While the country of Iraq holds great oil wealth, the vast majority of Iraqis have benefited little from this potential. When Saddam Hussein rose to power in 1979, the country plunged into incessant war and internal strife. First came the disastrous 1980-88 Iran-Iraq war (a million killed at a cost of 100 billion dollars), then the Anfal or campaign to destroy Kurdish culture, followed by the Gulf War upon Saddam's invasion of Kuwait in 1990, and most recently the United States-led war of 2003 (Central Intelligence Agency [CIA], 2003; Glover, 1999). This chapter details historical and cultural factors for Iraqi refugees who fled during the Gulf War and its aftermath, through 2002. From the outset a distinction is made between Iraqi refugees and Kurdish refugees fleeing from northern Iraq ("Iraqi Kurdistan"). For this discussion, then, Iraqi refugees consist of two main groups:

  • Iraqi political dissidents and surrendering or deserting members of Saddam Hussein's national army.
  • Shiite Muslims, some of whom are the so-called "Marsh Arabs" from southern Iraq and a small number of whom are of Iranian descent.

There is also a third, smaller group of Iraqi "Turkomens" or Iraqis of Turkish descent.

Following the 1991 Gulf War, Shiite Muslims rebelled against the Iraqi regime. With the collapse of their rebellion in March of 1991, at least 100,000 Iraqi Shiites fled into neighboring Iran, Saudi Arabia, and the U.S.-occupied zone along the Iraq-Kuwait border. Fearful of retribution against these refugees on the withdrawal of U.S. troops from the region, the U.S. brokered a deal with the Saudi government for the establishment of a Saudi-maintained refugee camp near Rafha, and another camp called Al Artawea. Many refugees report that conditions in the Al Artawea camp were poor, especially for Arabs (as opposed to Kurds who also were housed there). Eventually, Al Artawea was closed, and all the refugees were sent to Rafha. Rafha camp was divided between the former members of the Iraqi army, overwhelmingly comprised of single men, and the Iraqi families, most of whom were Shiites.

History of Immigration

In the mid-1990s, it had became clear that Saddam Hussein's regime had not weakened, and repatriation for the tens of thousands of Iraqi refugees in neighboring countries meant certain retribution, especially for the former members of the Iraqi army and dissidents in Saudi Arabia. With pressure from the Saudi government, the United States agreed to resettle the Rafha group en masse, beginning in 1994. The United States government's decision met with considerable opposition, especially from veteran's groups, who argued that the resettled former members of the Iraqi army had been potential adversaries to Allied troops during the war. Furthermore, the existing resettled Kurdish populations also were distrustful of these potential "agents of Saddam." Nonetheless, over 32,000 Iraqi refugees were resettled in the United States through 2002, adding to the population of non-refugee Iraqi immigrants, for a total of about 90,000 foreign-born Iraqis (Grieco, 2003). The largest populations in the U.S. are in Detroit, Chicago, and San Diego.

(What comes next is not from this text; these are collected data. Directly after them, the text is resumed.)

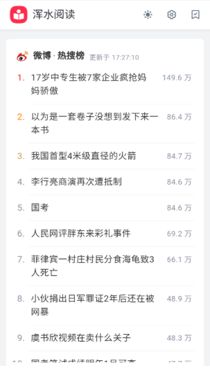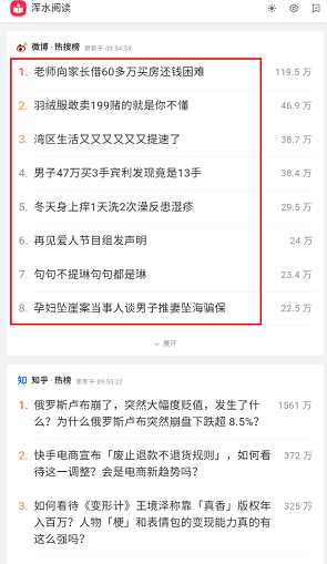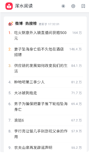 浑水阅读是一款新闻资讯阅读软件,集合了诸多媒体平台信息,提供给用户微博、知乎、今日头条等诸多平台的热搜,让用户能够及时的了解自己感兴趣平台的新闻;用户可以在软件中阅读各种新闻资讯不用重新切换新的软件,用户使用非常的便捷。
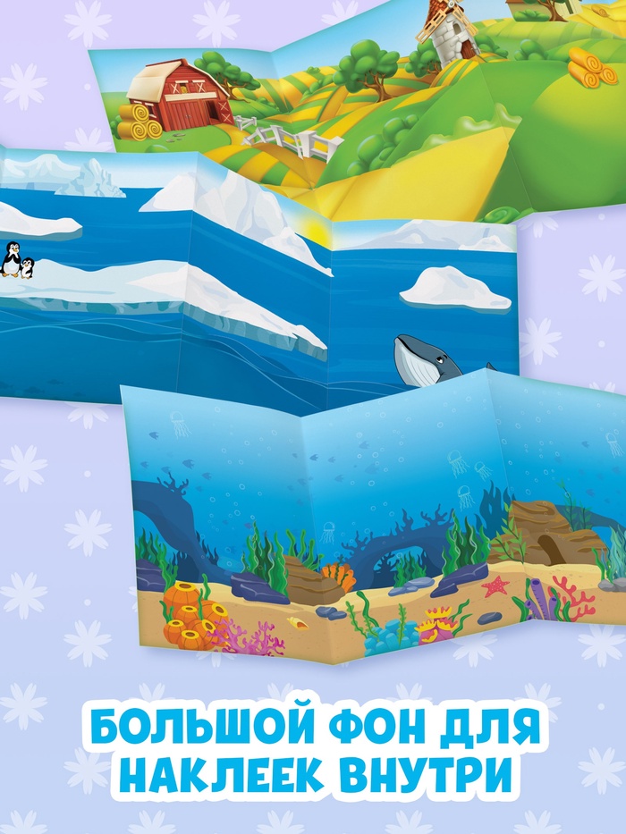 Набор многоразовых детских наклеек «Изучаем животных» включает 4 издания разной тематики: «Кто живёт в море», «Кто живёт на полюсе», «Моя большая ферма» и «Кто живёт в лесу».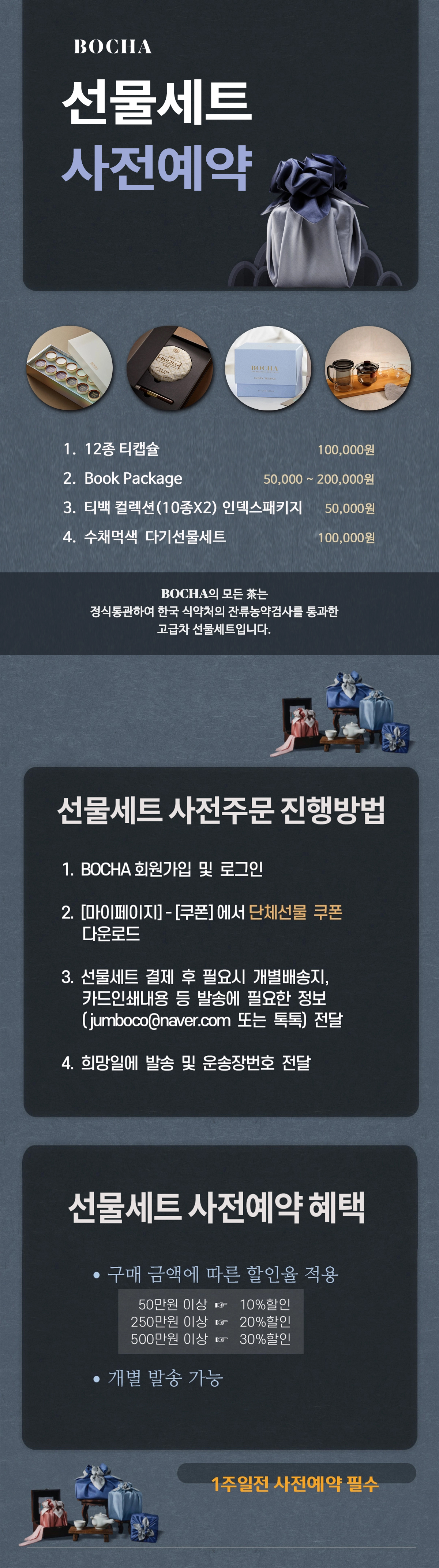 선물세트 사전예약 주문은 BOCHA 회원가입 => 로그인 후 마이페이지에서 쿠폰을 발행받아 원하는 상품 결제페이지에서 결제하시면 됩니다.

Culture and Social Relations

Iraqi society on the whole can be viewed as having three classes: the political elite, the military and merchant class, and finally, peasants and laborers (Cultural Orientation, 2003). However, class differences aside, allegiance to the extended family and tribe are stronger than allegiance to a central government. Throughout the Arab world, loyalty to the family and tribe forms the basis of much of culture, with nepotism in employment common and individual behavior frequently tempered against the potential for shame to the larger family (Cultural Orientation, 2003).

It is not uncommon for girls to be involved in arranged marriages at a young age, as young as twelve or thirteen years, with preference given to first-cousin marriage. To Iraqis, especially Shiites, the Islamic marriage is not only sacred, but also serves as a bond between families. However, this tradition of early marriage has flown in the face of United States law and there have been several widely-publicized cases of arrests of men involved in unions with girls younger than sixteen. According to Islam, men may have up to four wives, but this not common among Shiites. At marriage, women come to live with the husband's family and married sons usually stay within the household. Children are to be the caretakers of their parents when they are elderly.

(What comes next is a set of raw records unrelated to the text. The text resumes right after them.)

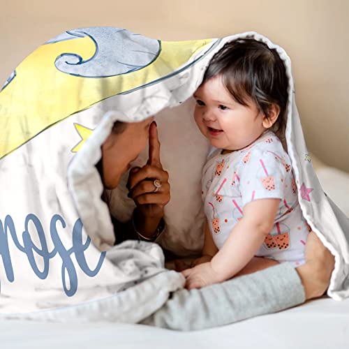 Papasgix Coperta Neonato Neonata Bambini Personalizzata con Nome,Simpatica Coperta a Tema Elefante,Morbida e Spessa Bebè Coperta per Compleanno Natale Personalizzati Regalo(Elefante Luna,70X100CM)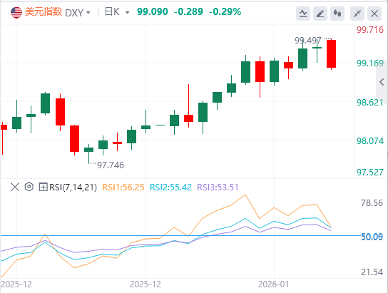 1月19日,北京时间周一亚市早盘,美元指数徘徊在99.09附近。上周五,特朗普表示希望让哈塞特继续留任原职位,市场猜测哈塞特出任美联储主席的机会降低,美元指数扭转跌势,最终收涨0.02%,报99.38点;基准的10年期美债收益率最终收报4.227%,对美联储政策利率敏感的2年期美债收益率收报3.592%。投资者在近期金价创下新高后获利了结,同时地缘政治紧张局势缓和的迹象进一步削弱了黄金的避险吸引力,现货黄金最终收跌0.43%,报4595.03美元/盎司;现货白银最终收跌2.3%,报90.08美元/盎司。尽管美国打击伊朗的可能性已经下滑,但伊朗潜在的政治风险仍未消除。WTI原油最终收涨0.12%,报59.23美元/桶;布伦特原油最终收涨0.52%,报64.21美元/桶。
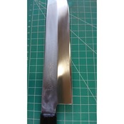 1. o3444/状態:中古/銘:木屋 義久/薄刃包丁(片刃 右利き用)/刃長:155/峰厚 アゴ上:3.9/重量:129/作り:鋼/他:ツバの根元から柄全体にかけて樹脂コーティング済み(防サビ防汚の為)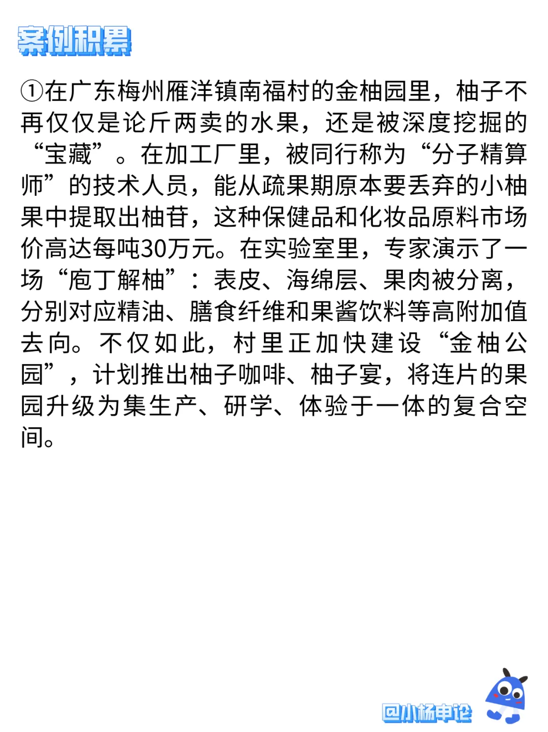 最后仿写部分,庖丁解柚这一表述极富创意和画面感。“庖丁解牛”是中国古代寓言中的经典典故,形容技艺精湛、游刃有余。将其化用为“庖丁解柚”,形象地描绘了梅州金柚被精细加工、物尽其用的全过程——表皮、海绵层、果肉被分离,分别转化为精油、膳食纤维、果酱饮料等高附加值产品,甚至疏果期的小柚果也能提取出价值高昂的柚苷。我们可以借鉴这种 “化用经典”的表达方式,在论述中借用广为人知的典故或成语,赋予其新的时代内涵。例如,在论述人才工作时,可以仿写【各地在引才工作中要有“萧何月下追韩信”的诚意,更要有“三顾茅庐”的耐心,让天下英才近悦远来。】在论述基层治理时,可以写【化解邻里纠纷需要“六尺巷”的礼让精神,更需要新时代的“枫桥经验”和法治思维。】在论述生态保护时,可以写【守护绿水青山,既要有“愚公移山”的韧劲,也要有“大禹治水”的智慧,疏堵结合、久久为功。】这种表达能让论述更具文化底蕴和说服力。

Iraqi households are very private and are sometimes segregated according to gender. Women in general are subservient to male authority, although it should be noted that Iraqi women on the whole enjoy more rights than other women from the Arabian peninsula (Cultural Orientation, 2003). Especially among Iraqi Sunnis, there are many educated and professional women. The husband controls the household finances, but women exert considerable influence over the children, including grown sons. Male relatives show concern over the treatment of their female kin after marriage.


Arabic is the universal language of Iraq. While there are over fifteen dialects of spoken Arabic throughout the world, defined by geographical and rural/urban differences (Cultural Orientation, 2003), Iraqi refugees appear to have little difficulty in comprehending any Arabic speaker. However, literacy in Arabic is rather low in Iraq, at an estimated 58% (CIA, 2003). Even though Iraq experienced significant British political influence earlier in this century, English language fluency is rare among resettled Iraqis.
It is never acceptable for a man to shake the hand of a Shiite woman. Sunni women, on the other hand, are less restricted. Touching, and even full embracing, is quite common within (but not between) the sexes, especially when greeting. When greeting, deference is always given first to males.


Most Iraqis are Shiite Muslims, but the political elite, the military and merchant classes, and those living around the capital area of Baghdad in general are Sunni. In general, Shiites are more orthodox and strict in religious practices, food proscriptions, and especially, treatment of women. Shiite Muslim women, especially older women and widows, dress typically in black, in full "hijab" (purdah), covering their bodies and faces. At all public events, and even within the household, women are segregated from men.

Both Sunnis and Shiites adhere to halal laws regarding food. Any meat consumed by a Muslim must come from an animal slaughtered by another Muslim in a prescribed way, or it is considered impure, haram. This ritual involves asking God for forgiveness for taking the life of the animal. Furthermore, pork and alcohol are especially haram and should never be consumed. Even in the West, most Iraqis do not buy meat or chicken in a grocery store but prefer to go to farms to buy the meat fresh, or from a few trusted halal markets. Islam is discussed in greater detail in the section on religions.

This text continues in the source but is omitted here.